→ **Information provided**
§ §

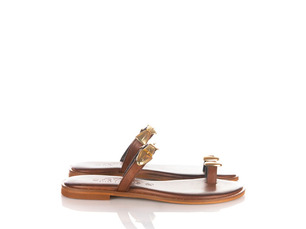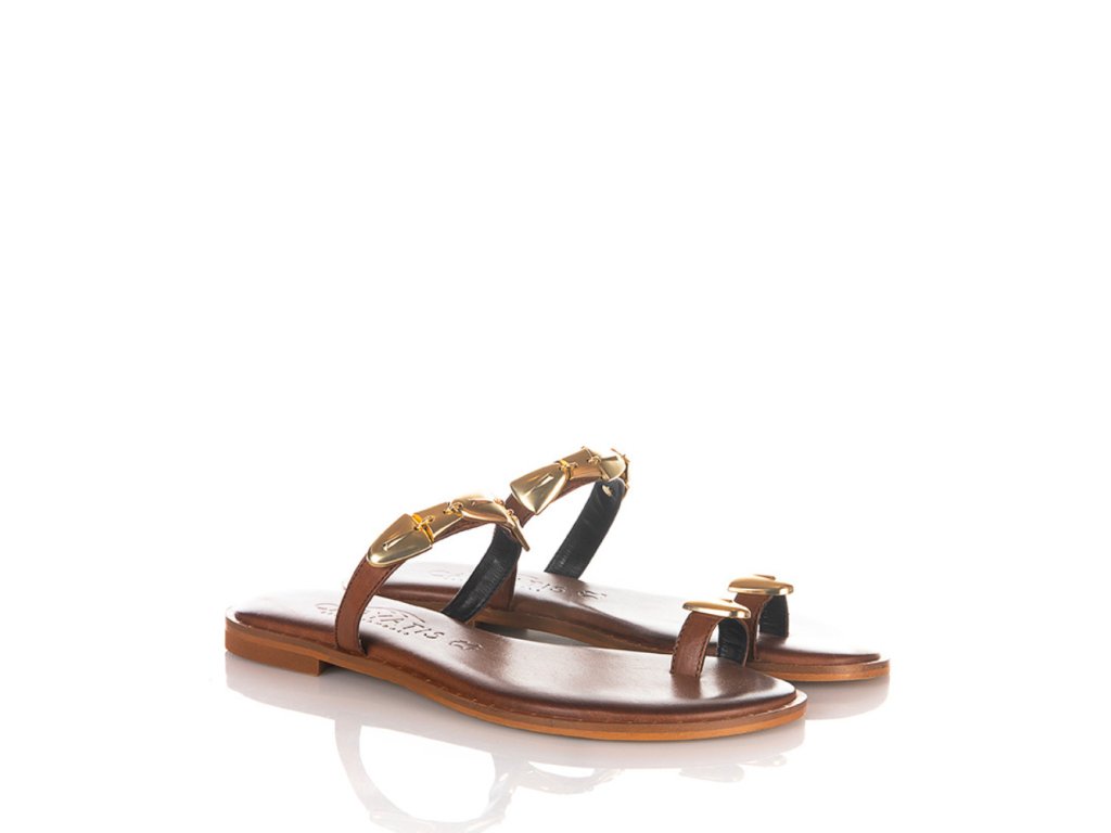 CARYATIS dámské žabky se zlatým zdobením tmavě hnědé kožené | 621306 BROWN-GOLD
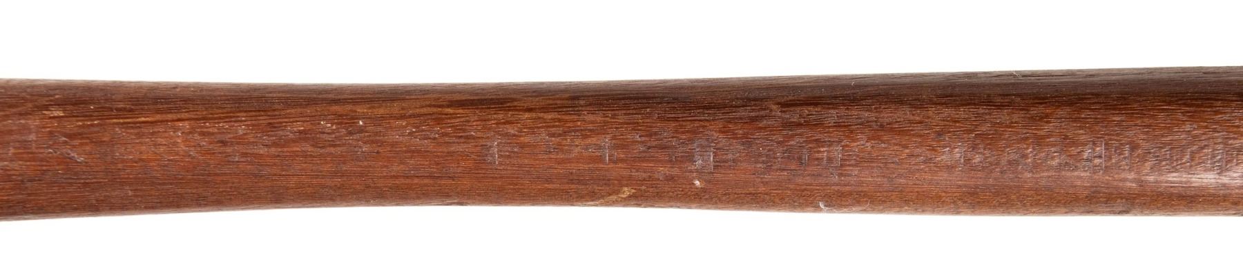 BAYONET TRAINER. This interesting trainer is described on pages 104 and 105 of "The Springfield 1903 Rifles by Brophy". The book refers to the 1913 manual of the bayonet which describes the use of this wooden rifle which was used in conjunction with gloves, masks and plastrons. The issue "RIA" marked wooden rifles appear to be manufactured from dense mahogany. The "rifle" measures approximately 59 3/4" overall. 1 5/8" thick. Prominently marked "R.I.A. / 1914" on the left side and "7" on the right side. The outline resembles a rifle with a bayonet, while the bayonet has a rounded leather-covered pad affording some protection to the victim. The "rifle" is reinforced with three vertical iron rivets and interestingly has a grasping groove on one side only in the forend area. CONDITION: trainer is in very good condition with light wear and handling marks. There are scattered age cracks running lengthwise with the grain. The buttstock has more notable fine cracks throughout. Leather pad has light wear and scuffing. PROVENANCE: From the BuckStix Collection. (02-26027/RW). NON-GUN. $400-600.
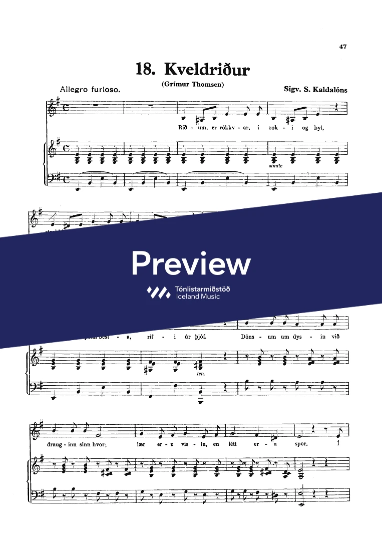 Text sampleRíðum, er rökkvar, í roki og byl,

§ §

→ **Task prompt**
Restate word for word, and only, the lines from the line that contains "BAYONET TRAINER. This" through the end of the data, both included; pictures are not part of the copy.

→ **Completed task**
 BAYONET TRAINER. This interesting trainer is described on pages 104 and 105 of "The Springfield 1903 Rifles by Brophy". The book refers to the 1913 manual of the bayonet which describes the use of this wooden rifle which was used in conjunction with gloves, masks and plastrons. The issue "RIA" marked wooden rifles appear to be manufactured from dense mahogany. The "rifle" measures approximately 59 3/4" overall. 1 5/8" thick. Prominently marked "R.I.A. / 1914" on the left side and "7" on the right side. The outline resembles a rifle with a bayonet, while the bayonet has a rounded leather-covered pad affording some protection to the victim. The "rifle" is reinforced with three vertical iron rivets and interestingly has a grasping groove on one side only in the forend area. CONDITION: trainer is in very good condition with light wear and handling marks. There are scattered age cracks running lengthwise with the grain. The buttstock has more notable fine cracks throughout. Leather pad has light wear and scuffing. PROVENANCE: From the BuckStix Collection. (02-26027/RW). NON-GUN. $400-600.
 Text sampleRíðum, er rökkvar, í roki og byl,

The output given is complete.